You don’t have to be faster than the bear; you just have to be faster than the slowest guy running from it.
[CELL THERAPY TURN-AROUND TIME]

• Unless you’re a cell therapy maker — in which case we expect you’ll be faster than the cheetah that is chasing the bear.
• Speaking of speeding things up, this article profiling oncology hospital leaders’ current perspectives on the commercially available cell therapies is well worth a read (and then some). Frankly, these leaders do not mince words when comparing and contrasting what commercialized cell therapies bring to the table or don’t bring to the table, thanks to their still-unreliable manufacturing processes. Some meaningful tidbits from this article include:
  • Access remains tenuous. For example, Sloane Kettering is only able to treat 2-3 patients out of the 10 it would like to treat per-month given limited manufacturing slots for cell therapies.
  • Of the products referenced in the article, Yescarta’s 16-day process is a leader in terms of turn-around time.
  • Out-of-spec products are still a big problem. Upon reaching the commercial market, one product (Carvykti) has encountered higher than the 18 percent failure rate seen in clinical trials.
  • Out-of-spec products can be used under special protocols without payer coverage. But this requires additional administration protocols/safety information for physicians.
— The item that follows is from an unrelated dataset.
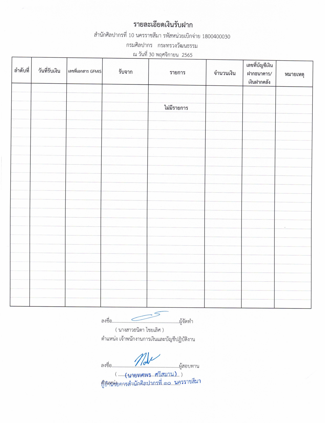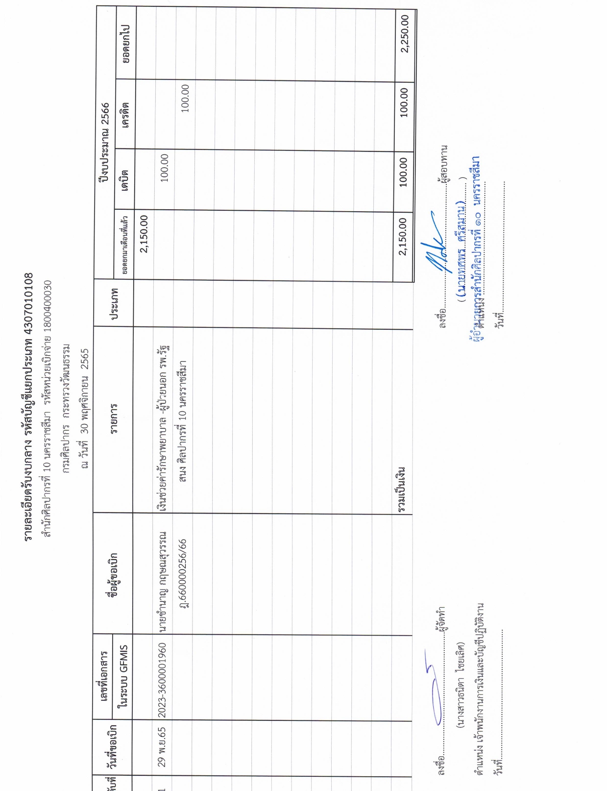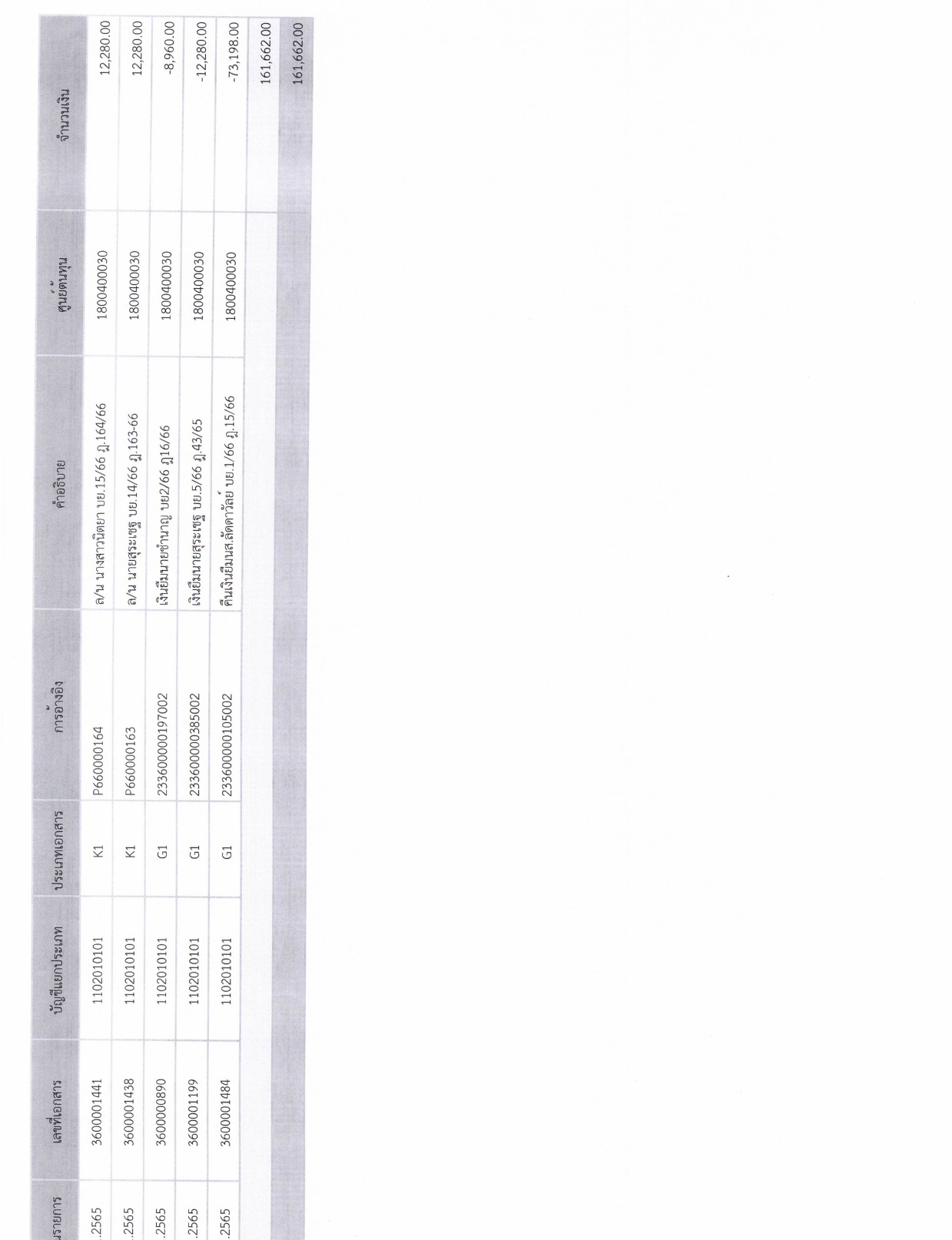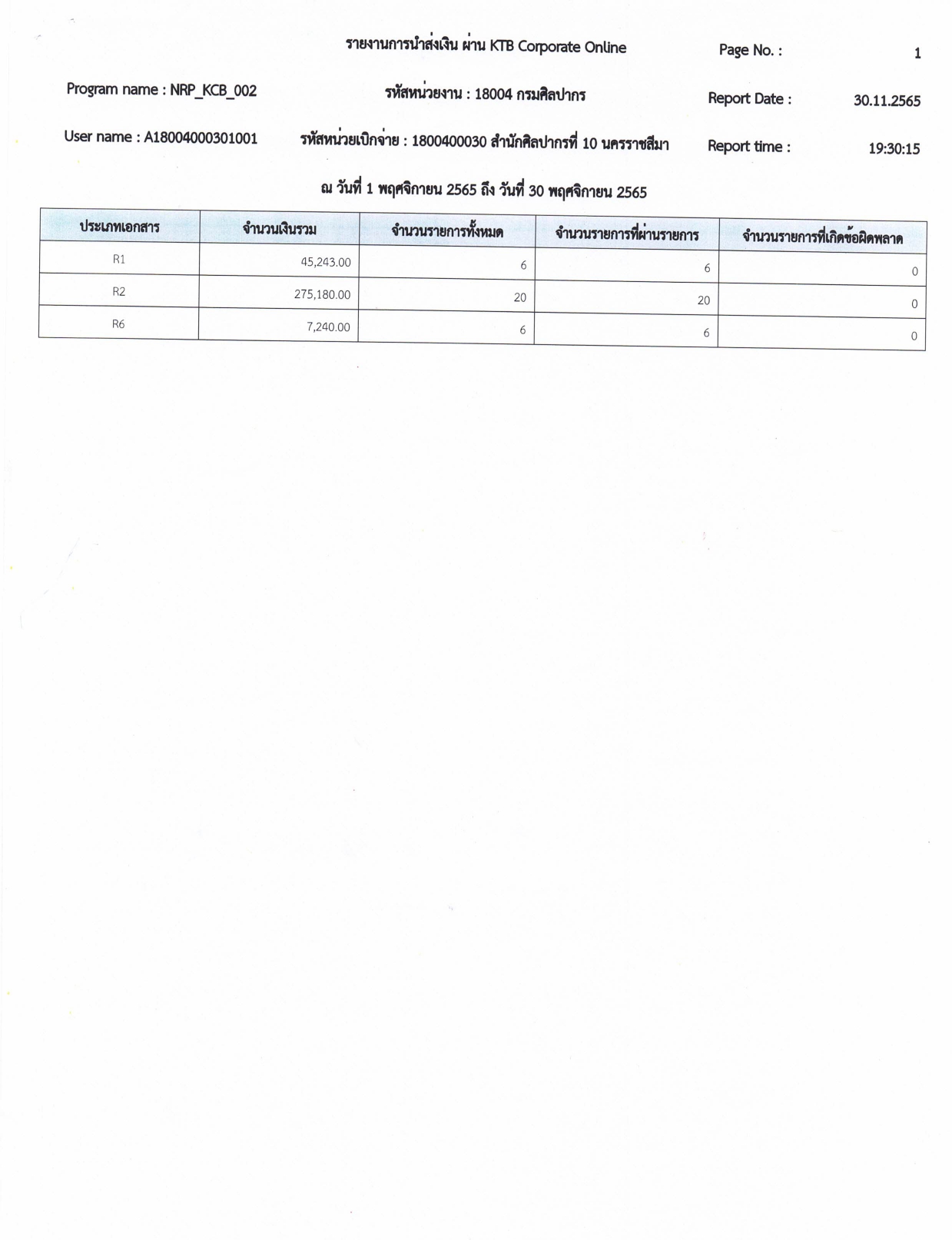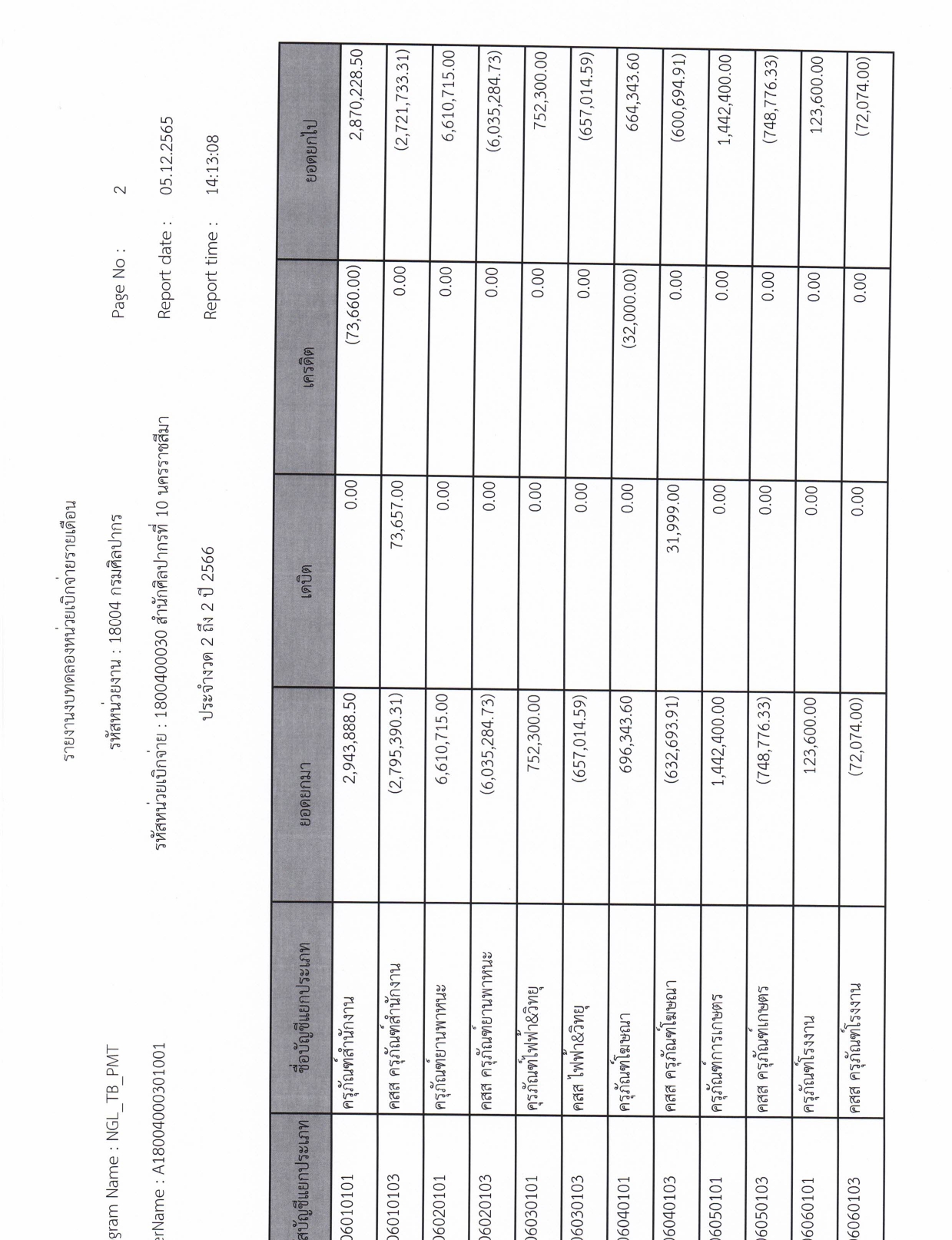 รายละเอียดงบทดลองประจำเดือน พฤศจิกายน ๒๕๖๕

In turn, companies should consider implementing a program or a pathway to help physicians provide out-of-spec products when deemed appropriate/necessary.

Enjoy yourself while you can.
[COMPLIANCE/ANNEX 1]

• "Too late." Sincerely, Annex 1
• To be clear, this BioPhorum whitepaper — CGT Aseptic Process Simulation Reflections — was written before Annex 1 went into effect at the end of August. But I daresay those of us in MSAT or QC (or fellow multi-disciplinary nerds) can and will still enjoy reading this document which explains current regulatory landscape/guidance on APS implementation and provides recommendations on how to navigate the challenges in applying said guidance to ATMP processes.

Something wonderful is about to happy.
[LNPs]

• We successfully delivered LNP-mRNA to the brain!
  • Ahh — typo! I meant to the liver.
• At least when the co-founder of Moderna speaks on LinkedIn about new LNP-mRNA research, we can at least trust it’s legit. In a recent post, Kenneth Chien shares a recent study demonstrating that mRNA/LNP optimization is just as important as guide RNA and nuclease selection when exploring in vivo gene modification via base or prime editing.
  • The study he references can be found here: Genotoxic Effects of Base & Prime Editing in Human HSCs
• This article on 4 Major Trends in LNP Research is both the introduction to and doorway into LNP-Narnia. In addition to summarizing high level trends, this article provides us with the opportunity to go deeper into a database comprising ongoing LNP research from 2020-2023.
• We can expect to see more from ISPE on LNP-mRNAs moving forward. In addition to sharing a recording of a recent ISPE ATMP community of practice town hall, this LinkedIn post from Erich Bozenhardt shares that mRNA-LNPs were one of the most in-demand topics for further discussion and future ISPE ATMP projects.